What I Learned From My First Production Incident
TD Bank, 2024. Three hours. Customer money frozen. I wrote the postmortem.
An anonymized retrospective on the first big incident I drove. The technical fix mattered less than the communication and rollback discipline.
Some details changed; the lessons are real.
The setup
Mid-2024. We deployed a Spring Boot service that handled a portion of customer transactions. The deploy passed canary. It passed staged rollout. At 100% rollout, transactions started silently failing.
For 2 minutes, customers' transactions were submitted, accepted, and quietly lost. The service returned 200 OK with an empty body. Downstream consumers logged the silent loss as "no data."
We caught it because a customer complained on Twitter.
The first 30 minutes
Most of the early time was confusion. Logs looked clean. Metrics looked clean. Error rate was zero (because we returned 200). The only signal was a downstream queue depth that had quietly dropped.
I asked: "When did this drop?" The answer: "About when you deployed."
We rolled back at minute 32. Queue depth recovered. Transactions resumed. Lost data was recovered from the upstream system within the SLA.
The technical cause
A serialization bug. A null check that wasn't there in the new code path. The endpoint was returning empty body because of an exception that was being swallowed by an aspect-oriented logging interceptor.
The unit tests passed because they didn't test the production happy path with the specific input shape the service got in production.
What I did right
- I called the rollback. The team had been debugging forward; rollback was the right move.
- I personally wrote a customer-facing email within 90 minutes of all-clear.
- I led the post-mortem. Clear timeline. No blame. Specific action items.
What I did wrong
- I didn't notice the queue depth signal myself. I noticed only when someone else flagged it.
- I let the deploy reach 100% before checking metrics that took 2 minutes to populate. The right cadence was: deploy 10%, wait for metrics, deploy more.
- I trusted the unit-test coverage. They were 90%+ coverage but the missing 10% was the real shape.
What changed after
- Mandatory queue-depth alarms (we had only error-rate alarms before)
- Manual stop-the-world point at 25% before going to 50% on big services
- Production-shape integration tests added to CI
- A real "is the deploy actually safe?" gate, not just "did it not return 500s?"
The lesson
Postmortems don't fix the technical bug. They surface the SYSTEM bug.

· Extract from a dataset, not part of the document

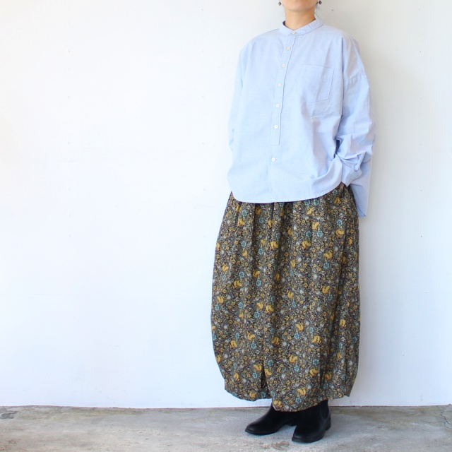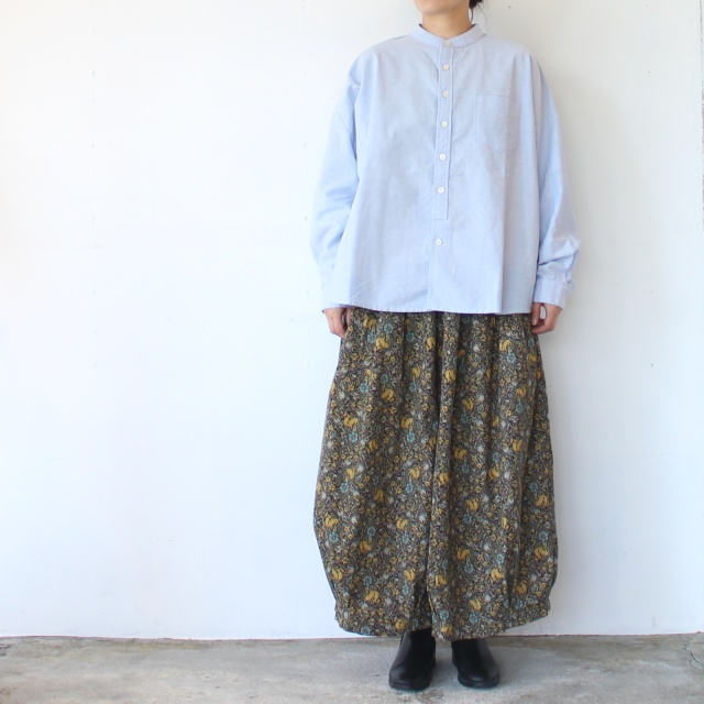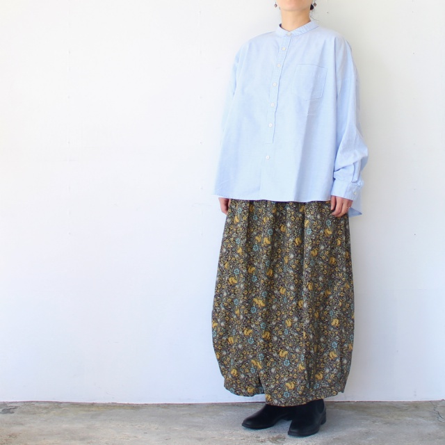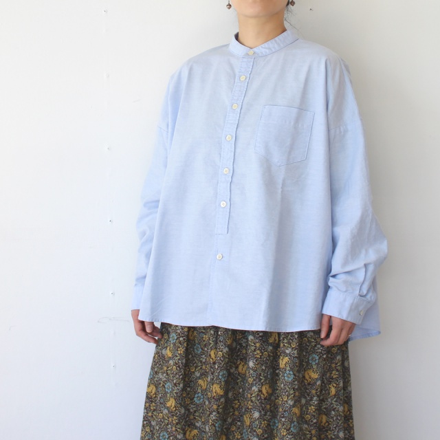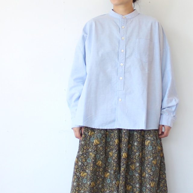 バンドカラーに緩やかなシルエットのワークシャツ。
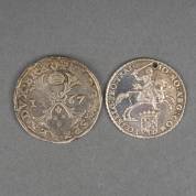 Twee zilveren munten: Bourgondische rijksdaalder Brabant 1567, en zilveren rijder 1769 met gat, gewicht 45 gram

The technical bug was a missing null check. The system bug was that we trusted unit tests, deployed too aggressively, and relied on customer reports for first signal.
Fixing technical bugs is fast. Fixing systems is slow. Most teams fix the technical bug and ship more bugs of the same shape next month.
If you're an engineering leader, treat your post-mortems as the only place that gets you out of the perpetual incident cycle.